HOMOGENEIZAÇÃO DA DOR

By Tiago Ferreira - 15.12.20


É como se o mundo girasse e eu me incomoda-se com isso. É como se eu odiasse o nascer do sol, ficasse irritado com o novo dia, não quisesse uma nova chance, não fizesse por merecer o ar que respiro. Não dá para materializar o que sinto. O sentir é abstrato, é subjetivo, é de quem sente. O sentir é singular, não tem pluralidade, não tem como desenhar. Parece que eu desisti de fazer uma prece, que escolhi me esconder, que faço questão de sentir doer. Mas não tem explicação para as coisas que acontecem dentro de um coração. Não se materializa de maneira literal a dor, não se escreve o suficiente, não se fotografa as angustias da mente, não se pega nas mãos o coração em pedaços.

Como se seguíssemos uma receita, querem homogeneizar a dor. Querem que todos nós tenhamos os mesmos horrores, sintamos o mesmo medo e desistamos pelos mesmos motivos. É triste ver que a apatia vence a empatia a cada novo dia. E chamam de rede de apoio, chamam de desabafo necessário, chamam de amor. Não existem características únicas para quem simplesmente é visto como estatística, como número, como porcentagem. Criaram uma forma de minimizar a responsabilidade, de utilizar a impotência para justificar a negligencia, de se fazerem de interessados. Se a empatia está sendo manipulada, está sendo atrelada ao comodismo, como esperar que o amor floresça? Querem nos fazer acreditar que a importância se caracteriza pelo papel de ouvinte, pelas mensagens vazias de "como você está?", de ações que são vazias.
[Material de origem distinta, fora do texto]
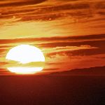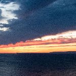 > 佐渡海峡に沈む太陽と日没直後に灯るいさり火

Teorizaram a luta daqueles que não consideram a possibilidade de apreciar a poética do amanhecer. Teorizaram as histórias de vida, as armas de batalha, as impossibilidades vividas. Banalizaram a dor de quem sustenta um sorriso no rosto, de quem viabiliza a vida pelos seus próprios esforços, de quem levanta da cama sem forças. Banalizaram o legado de quem venceu o rancor, venceu o sistema, venceu a tentativa de homicídio. Os amigos querem um caminho mais fácil para dizer que dão importância, os privilegiados querem uma forma fácil de enxergar a equidade. Se escondem atrás da correria do dia, os metidos a acadêmicos analisam na surdina os traços da dor, argumentam entre si a veracidade da história de outrem e objetificam o ser humano. Eles querem que as dores sejam uma só para que não precisem lembrar que cada número é um ser único.

Salve a alma de quem sabe o que vive e credibilize o caminhar de quem precisou deixar de andar.